▸ **AIM OF THE TASK**
Retype all data exactly as given. Pictures should not be retyped.

▸ **DATA**
**********

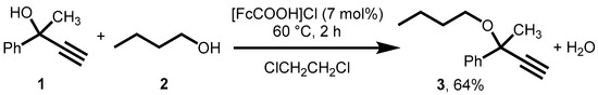 Catalytic reaction between propargylic alcohol 1 and butanol (2) to afford the product 3 with [FcCOOH]Cl as the catalyst.
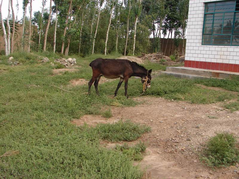 看看这头驴吧,吃得可是膘肥马壮的,身上的毛黝黑发亮啊!主人将它放开院门前边,周围有嫩草相伴,满地的绿色可是它最喜欢的,于是埋头大吃起来,连我给它拍靓照都没有发现。
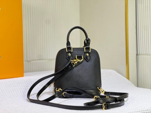 The Alma Backpack in Black Epi leather features a sleek design with an engraved padlock and leather key bell. It offers versatile carrying options with two adjustable, removable straps and a top handle. Perfect for stylish, modern use.

**********

▸ **WRITTEN ANSWER**
 Catalytic reaction between propargylic alcohol 1 and butanol (2) to afford the product 3 with [FcCOOH]Cl as the catalyst.
 看看这头驴吧,吃得可是膘肥马壮的,身上的毛黝黑发亮啊!主人将它放开院门前边,周围有嫩草相伴,满地的绿色可是它最喜欢的,于是埋头大吃起来,连我给它拍靓照都没有发现。
 The Alma Backpack in Black Epi leather features a sleek design with an engraved padlock and leather key bell. It offers versatile carrying options with two adjustable, removable straps and a top handle. Perfect for stylish, modern use.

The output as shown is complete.